2.5.2. Determination of Fat Acidity

To determine fat acidity, according to the Chinese National Standard GB/T 15684-2015, the rice flour that passed through a 100-mesh sieve was used. Extracted lipid with ethanol and titrated with KOH. The indicator was phenolphthalein and the fat acidity content was measured [18].

2.5.3. Crude Fat Content

Determination of crude fat content from paddy rice adopted the Chinese National Standard GB/T 5009.6-2016. Then, 2 g ± 0.001 g of processed rice flour was weighed and placed in a cylindrical filter paper. A Soxhlet extractor (SOX406, Shandong Hanon Scientific Instrument Co., Ltd., Dezhou, China), was used to determine the crude fat content of paddy rice.
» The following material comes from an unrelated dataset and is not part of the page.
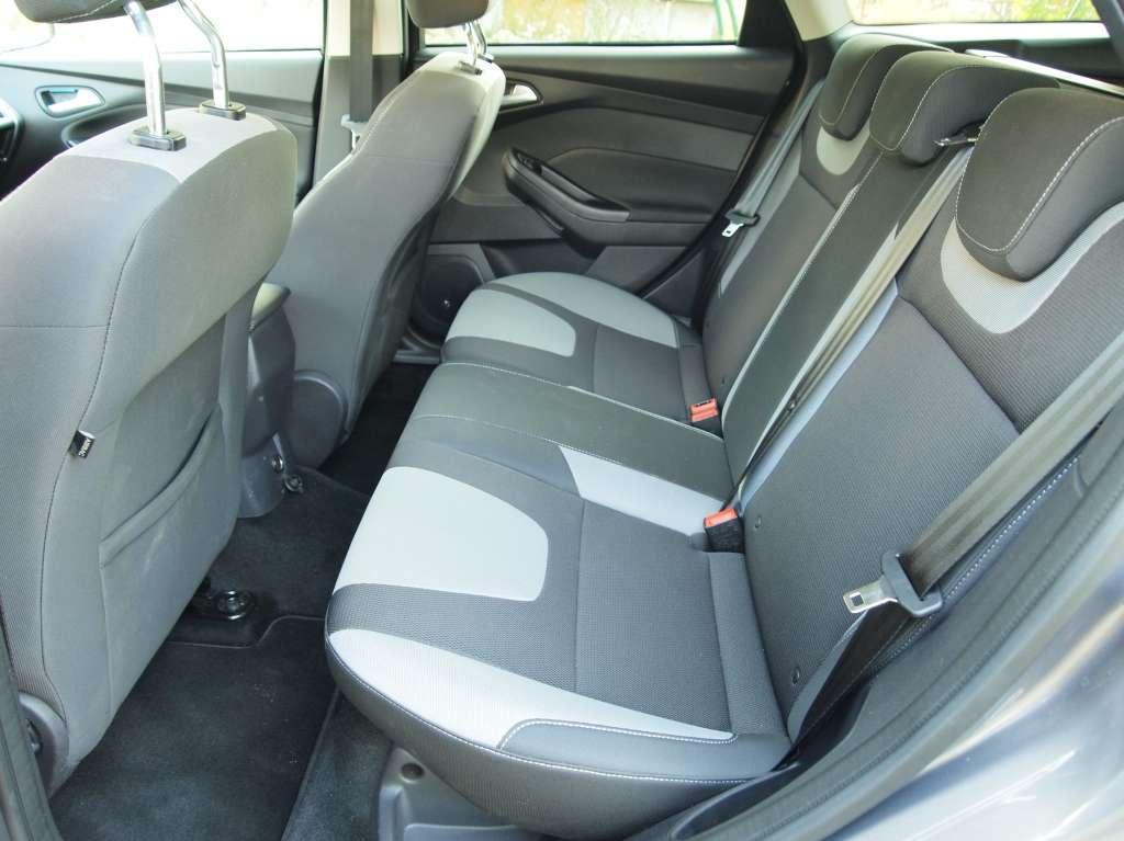 Obiekcje można mieć jedynie do designu wnętrza. Jest efektowny i odważny – na tyle, że niektórzy stwierdzą, iż stanowi przerost formy nad treścią. Rozbudowana konsola środkowa zabiera pewną ilość przestrzeni na nogi, ale nawet wysokim osobom nie będzie ciasno. Na tylnych kanapach kompaktowych kombi zwykle przewożone są dzieci. W Focusie będą miały miejsca pod dostatkiem. Dorośli również nie poczują się pokrzywdzeni, o ile z tyłu posadzimy najwyżej dwie osoby. Trzecia z powodu wyprofilowania kanapy nie będzie rozpieszczana komfortem. Spłaszczona, w porównaniu z wersją hatchback linia dachu ułatwia zajmowanie miejsca.

2.6. Pasting Property of Rice

Inspections of pasting property of rice adopted the Chinese National Standard GB/T 24852-2010. Using a rapid visco-analyzer, the pasting characteristics of rice flour were determined (RVA-TecMaster, Perten Co., Ltd., Stockholm, Sweden). Rice flour (3.0 g, weight of standard sample; 12%, wet basis) and distillated water (25.0 g, weight of standard water) were heated to 95 °C at a rate of 12 °C/min after being kept at 50 °C for 1 min. The rice paste was kept at 95 °C for 2.5 min, then cooled down to 50 °C at a rate of 12 °C/min. The paste was then kept at 50 °C for 1.4 min [21]. Viscograms were used to determine the peak, hold, and final viscosity values.
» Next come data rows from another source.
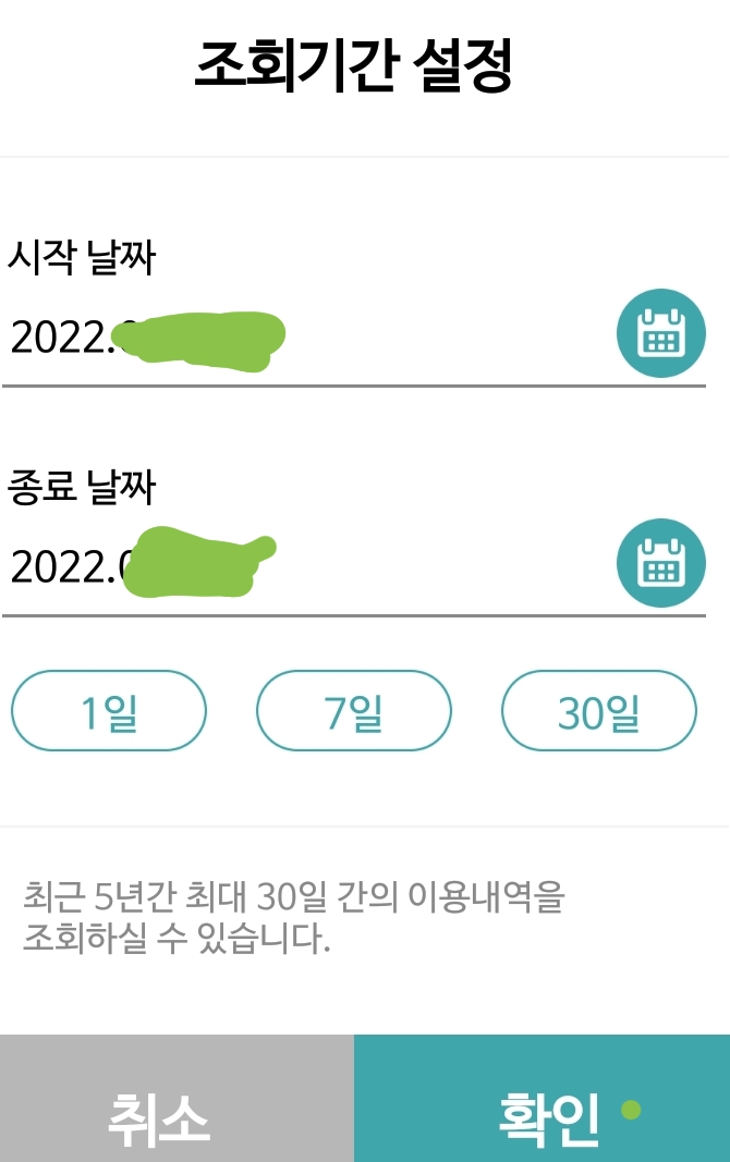 ㅡ 최근 30일동안의 이용내역(결제내역)
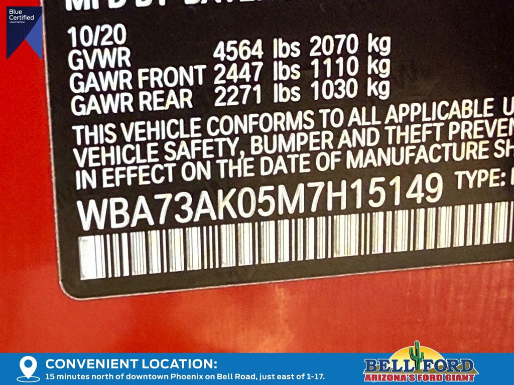 - VIN : WBA73AK05M7H15149
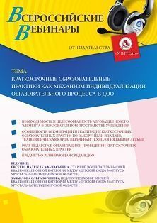 Вебинар Краткосрочные образовательные практики как механизм индивидуализации образовательного процесса в ДОО
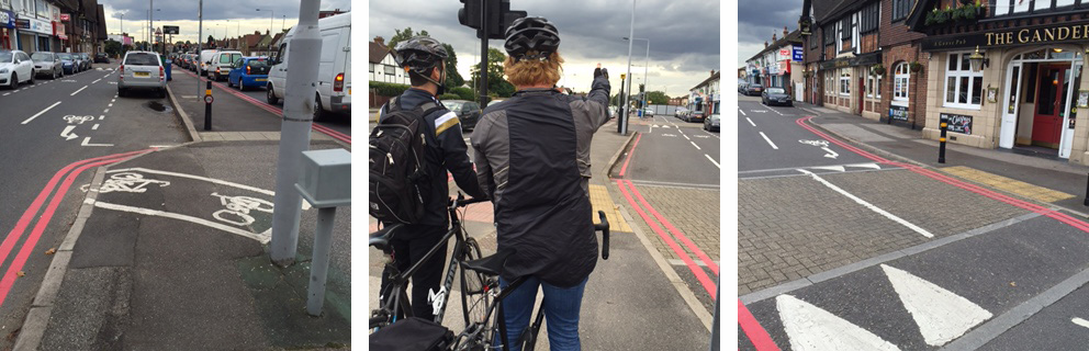 On Thursday the 8th of October, myself and John Courtman took Sutton Council’s Cycling Champion and Councillor, Manuel Abellan, on our third ride around the borough. This time we were looking at Cheam and the surrounding areas. We started in Cheam Village and agreed that it was a very car dominated High St.
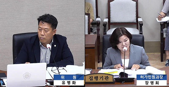 | ↑↑ 유병화 의원이 제321회 군의회 정례회 허가민원과 행정사무감사를 통해 횡성군이 LH강원본부의 건설보조금 지급 요구액에 대해 어떠한 노력도 하지 않은 채 지급키로 결정한 것에 대해 질책하고 있다. / 사진: 횡성군의회 인터넷방송 화면 캡처 |
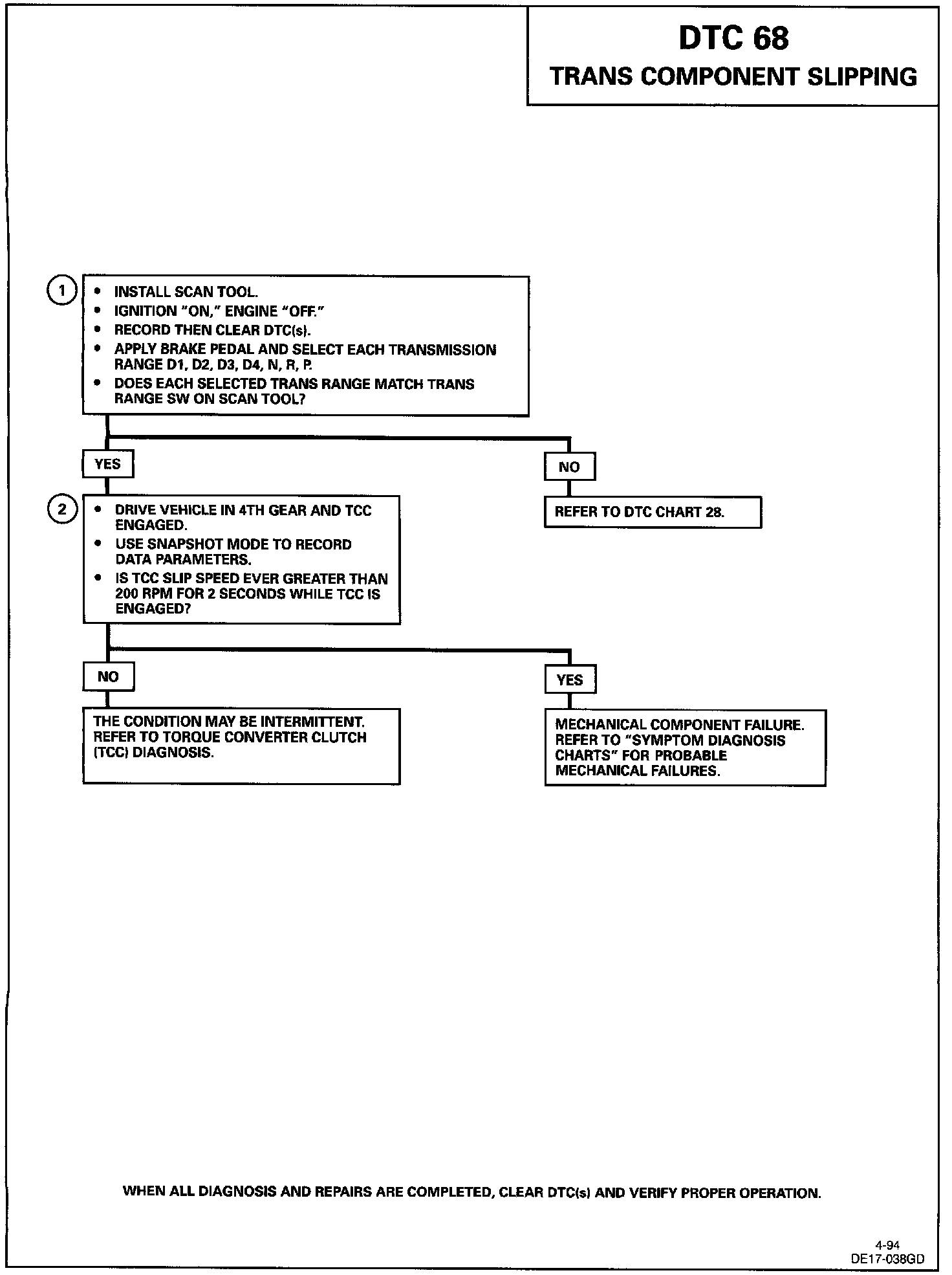 ^ A mechanical failure in the 1-2 shift solenoid (stuck "OFF") or 2-3 shift solenoid (stuck "ON"), could set DTC 68.
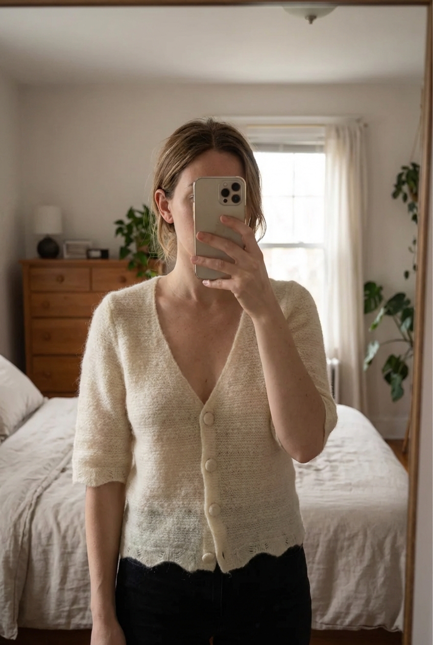 Gilet Lilou écru Sézane debout, face à la caméra, dans une chambre à la lumière douce, avec une lumière naturelle filtrant par la fenêtre.

2.7. Extraction of Starch and Observation of Granular Morphology

The separation of starch adopted the alkaline extraction method [22]. According to the method of Dawei Zhu et al. [21], starch was extracted from rice flour which passed through a 100-mesh sieve. Fifty grams of rice flour and 400 mL of 0.2% NaOH solution were added to a beaker which was placed at room temperature for 24 h. Then, a 200-mesh sieve was used to filter the homogenate. After centrifugation, the bottom white layer of the filtrate was washed with distilled water. Lastly, the starch was dried with a drying oven (DHG-9003, Shanghai Jing Hong Laboratory Instrument Co., Ltd., Shanghai, China) at 40 °C then passed through a 200-mesh sieve. Starch samples were coated with gold, used a thermal field emission scanning electron microscope (JSM-7001F, JEOL, Tokyo, Japan) to observe [23].
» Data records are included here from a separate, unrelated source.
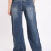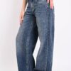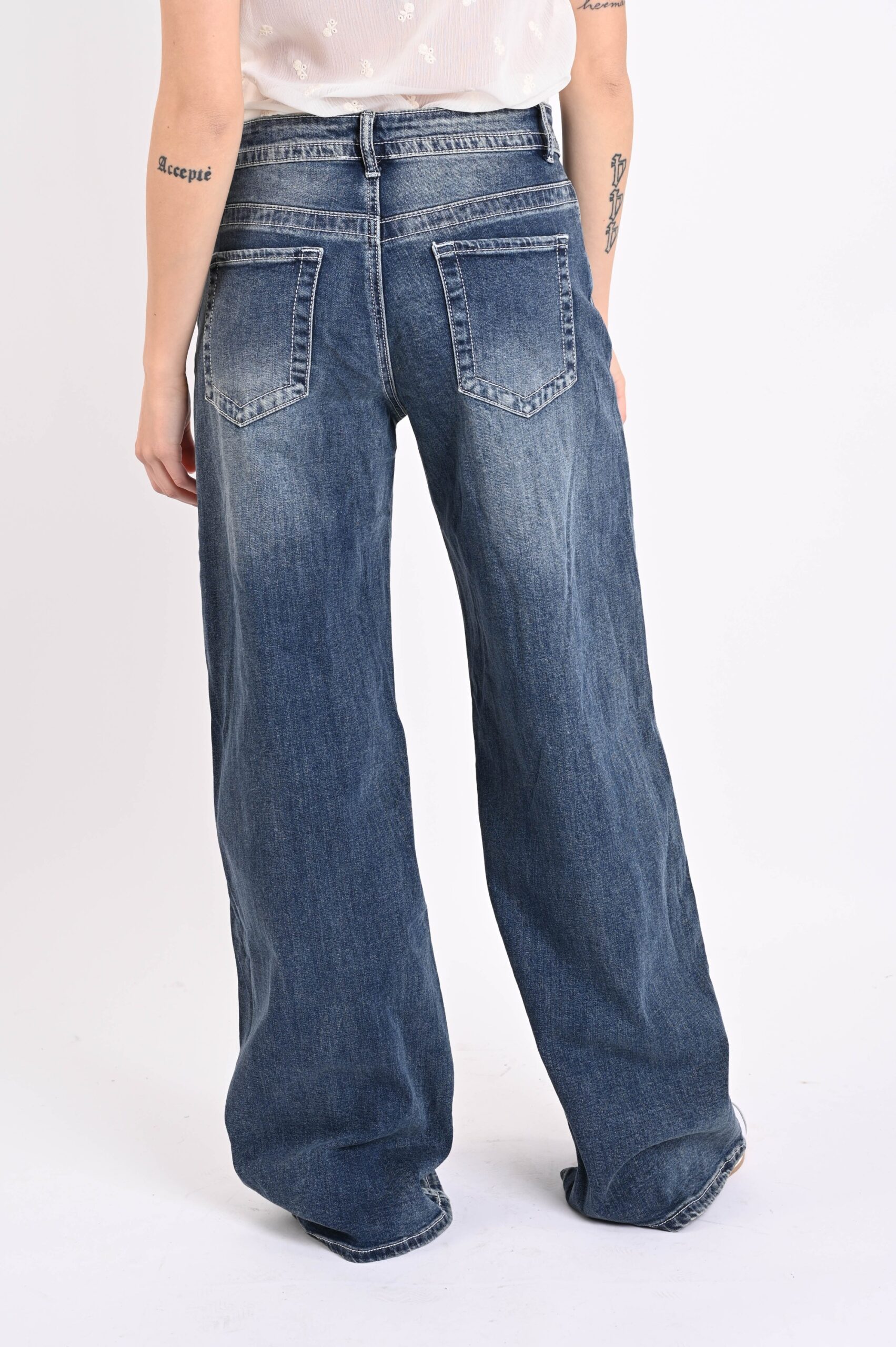 Palazzo jeans with a contemporary design, featuring a wide-leg silhouette that enhances the figure with both elegance and comfort. The fluid fit ensures freedom of movement, making them ideal for creating versatile outfits, from everyday looks to more refined styles. A trend-driven piece perfect for the season, designed for retailers looking to offer modern and feminine denim.
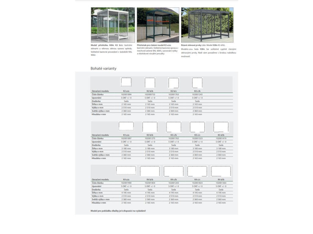 Flexibilní a modulární přístřešek určený zejména pro zastávky veřejné dopravy. Díky modulární konstrukci je možné přizpůsobit délku i šířku střechy dle potřeb projektu. Zadní a boční stěny lze osadit bezpečnostním tvrzeným sklem nebo jinými vhodnými materiály. Přístřešek umožňuje také provedení s chráněným interiérem a přístupovými dveřmi. Žárově pozinkovaná ocelová konstrukce s možností lakování v odstínech RAL garantuje dlouhou životnost i při vysokém zatížení větrem a sněhem. Dodávka probíhá ve formě stavebnice s montážním návodem.
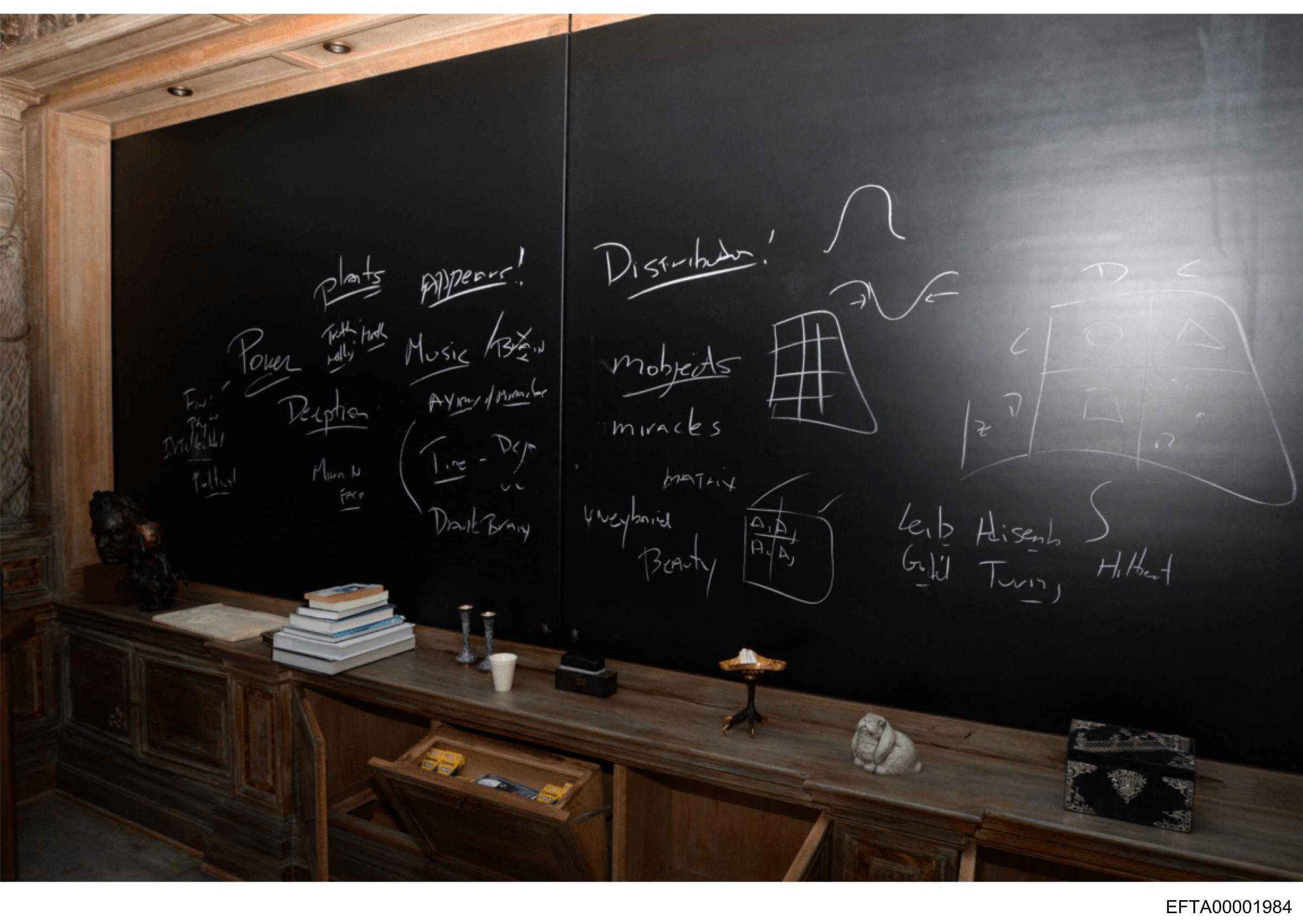 The image shows a blackboard with various handwritten notes and drawings on it.

2.8. Sensory Assessment of Cooked Rice

For the sensory analysis of cooked rice, ten trained panelists were chosen. Taste, appearance, softness, flavor, and cold rice texture were all assessed as sensory parameters. The sensory evaluation of cooked rice was carried out according to the Chinese National Standard GB/T 15682-2008. Each sample was made using 100 g rice. The rice was weighed and washed three times with distilled water, and the washing time was controlled within 3–5 min. Then, 1.1 sample weight of water were added to each sample. The samples were immersed for 30 min at 25 °C then steamed for 40 min in a steamer and simmered for another 20 min. Sampling glasses were filled with various samples. Panelists tasted and rated the samples in a timely manner. The highest score was 25 for taste, 30 for softness, 20 for flavor, 20 for appearance, and 5 for cold rice texture. It was the standard for scoring cooked rice [18,24].

2.9. Texture Profile Analysis (TPA) of Cooked Rice

Three samples of cooked rice grain were chosen and placed on the bottom plate. A TA.XT-Plus Texture analyzer (Stable Micro Systems Ltd., Surrey, UK) with a P/36R cylindrical probe attachment was used for measurements. The probe descended at 1 mm/s, returned, and the compression cycle was repeated. The compression was set to 70% strain, a time of 2 s, and a trigger force of 5 g. Texture measurements were taken five times for each cooking duplicate [18].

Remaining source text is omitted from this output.